Teilen über


Install Microsoft R Server 2016 (8.0.5) on Hadoop

Older versions of R Server for Hadoop are no longer available on the Microsoft download sites, but if you already have an older distribution, you can follow these instructions to deploy version 8.0.5. For the current release, see Install R Server for Hadoop.

About the R Server 2016 installer

Microsoft R Server 2016 provides updated installers that allow you to deploy R Server in fewer steps, enabled in part by a slipstream installation of Microsoft R Open for R Server 2016 that comes with most dependencies built into the package.
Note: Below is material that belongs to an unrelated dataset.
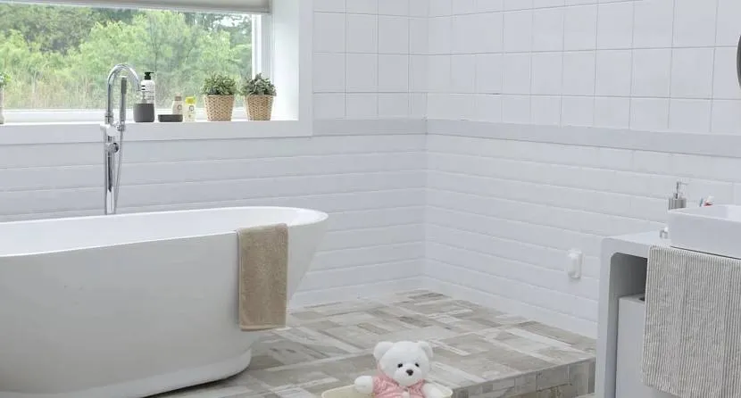Белая мягкая плитка в ваннойИсточник vinilnapol.ru

In addition to the installers, several new features and enhancements are new in this release. If you have an older version of R and would like to upgrade, see Uninstall Microsoft R Server to upgrade to a newer version for instructions.
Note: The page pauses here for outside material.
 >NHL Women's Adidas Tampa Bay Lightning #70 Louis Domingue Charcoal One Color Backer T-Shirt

A summary of setup tasks for R Server 2016 is as follows:

  • Download the software
  • Unzip to extract packages and an install script (install.sh)
  • Run the install script with a -p parameter (for Hadoop)
  • Verify the installation

The install script downloads and installs Microsoft R Open for R Server 2016 (microsoft-r-server-mro-8.0.rpm). This distribution provides the following packages that are new in this version:

  • microsoft-r-server-intel-mkl-8.0.rpm
  • microsoft-r-server-packages-8.0.rpm
  • microsoft-r-server-hadoop-8.0.rpm

In contrast with previous releases, this version comes with a requirement for root installation. Non-root installations are not supported in R Server 2016.
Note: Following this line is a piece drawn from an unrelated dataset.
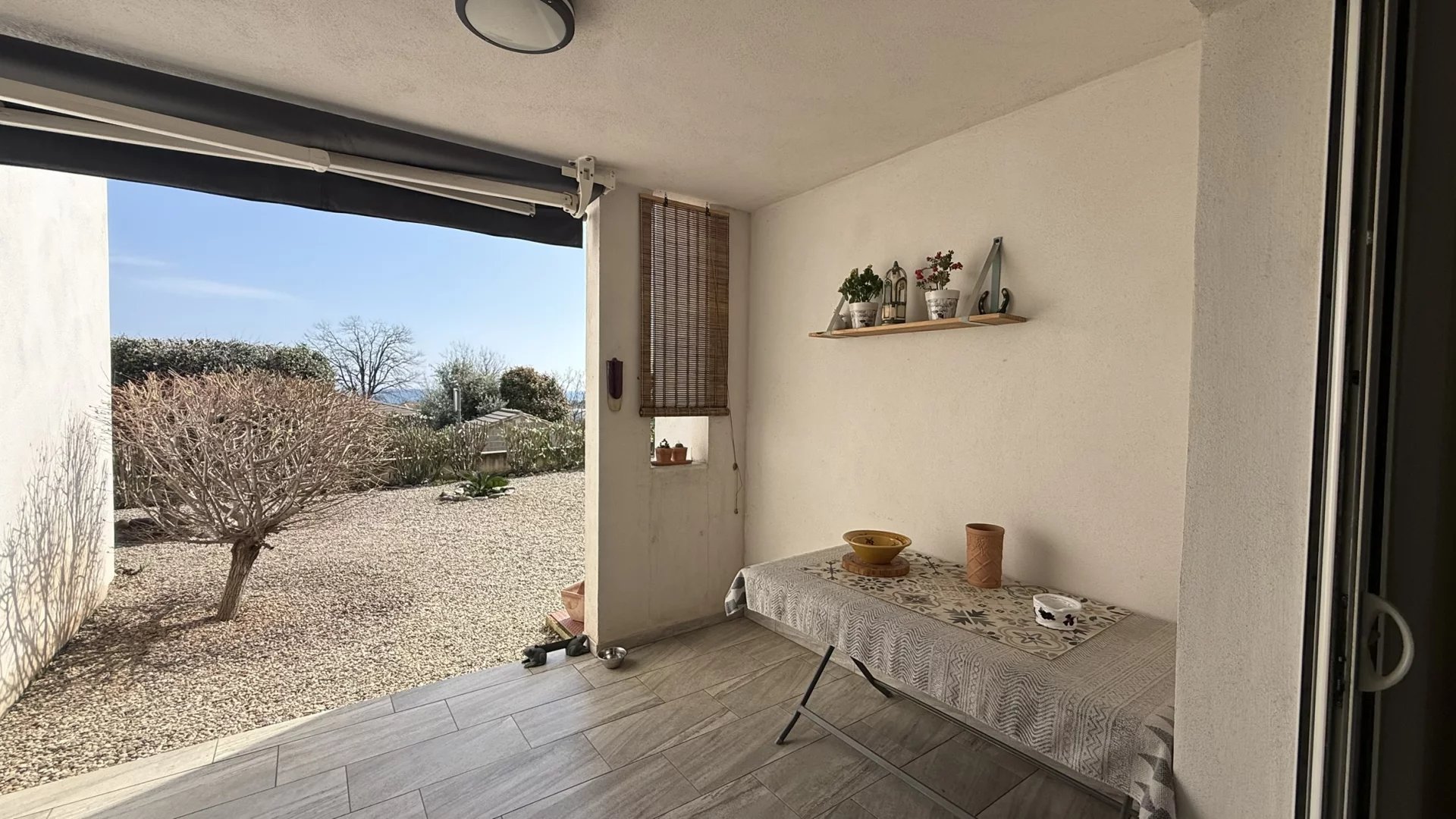 En exclusivité de vente. Très bel Appartement de type 3, situé en petite campagne. Il se compose d'un hall d'entrée, un salon sur terrasse de 9 m² vue mer, une belle cuisine équipée, un couloir donnant accès à une buanderie, un wc, 2 chambres dont une dressing et accès terrasse de 9 m², une salle de douche. Belles prestations - parfait état. Commerces et plages à 2 mn seulement. Possibilité d'achat garage en +

Recommendations for installation

We recommend installing R Server on all nodes of the cluster to avoid Hadoop queuing up jobs on nodes that don't actually have R. Although the task will eventually get reassigned to a node that has R, you will see errors from the worker node and experience unnecessary delay while waiting for the error to resolve.

Microsoft Azure offers virtual machines with Hadoop templates. If you don't have a Hadoop cluster, you can purchase and provision virtual machines on Azure using templates provided by several vendors.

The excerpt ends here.